→ **What is being asked**: Reproduce the listing exactly, with no pictures in your copy.

→ **Dataset section**:
========

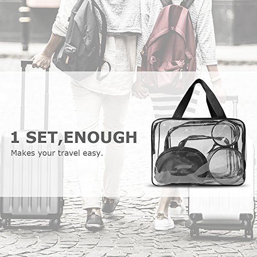 6 Pack Toiletry Bag,YORONIDA Clear Travel Cosmetic Case Portable Makeup Bag Set Carry On Transparent PVC Pouch Handbag Storage Organizer Kit with Handle Strap for Women Men Trip Accessories,Black
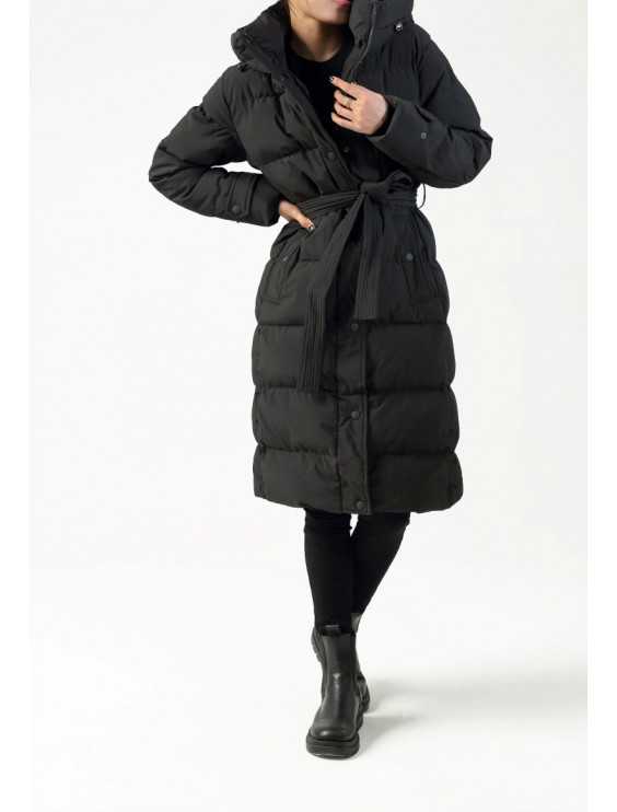 Mellanlång dunjacka i quiltat tyg. Huvmodell med justerbar dragsko och blockdragsko. Stå upp rak krage toppad med hakskydd. Långa ärmar med infällda ärmhål. Muddar avslutade med ribb. Muddar dekorerade med knappflikar. Tillpassad skärning. Dragkedja och skyddsflik med tryckknappar framtill. Raglanfickor med pipett och tryckknappar på sidorna. Avtagbart skärp med ribbstickning för att knytas i midjan. Fodrad inuti. Modellen är 174 cm lång.
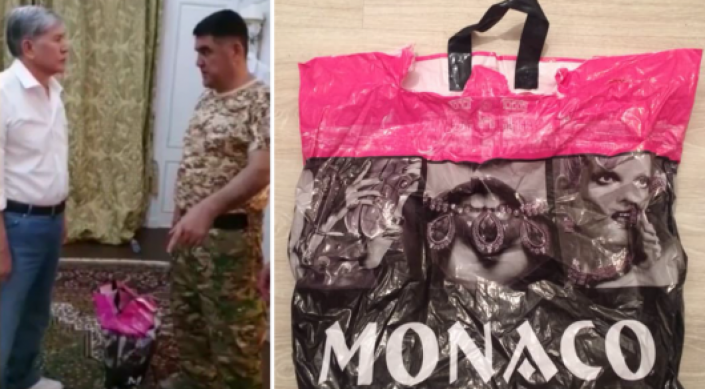 Қырғызстанның бұрынғы президенті билікке берілуге келісімін берген кезде Атамбаев пен Асановтың ортасында тұрған қызғылт пакет Желіде қызу талқыланып жатыр.

========

→ **Expected answer**:
 6 Pack Toiletry Bag,YORONIDA Clear Travel Cosmetic Case Portable Makeup Bag Set Carry On Transparent PVC Pouch Handbag Storage Organizer Kit with Handle Strap for Women Men Trip Accessories,Black
 Mellanlång dunjacka i quiltat tyg. Huvmodell med justerbar dragsko och blockdragsko. Stå upp rak krage toppad med hakskydd. Långa ärmar med infällda ärmhål. Muddar avslutade med ribb. Muddar dekorerade med knappflikar. Tillpassad skärning. Dragkedja och skyddsflik med tryckknappar framtill. Raglanfickor med pipett och tryckknappar på sidorna. Avtagbart skärp med ribbstickning för att knytas i midjan. Fodrad inuti. Modellen är 174 cm lång.
 Қырғызстанның бұрынғы президенті билікке берілуге келісімін берген кезде Атамбаев пен Асановтың ортасында тұрған қызғылт пакет Желіде қызу талқыланып жатыр.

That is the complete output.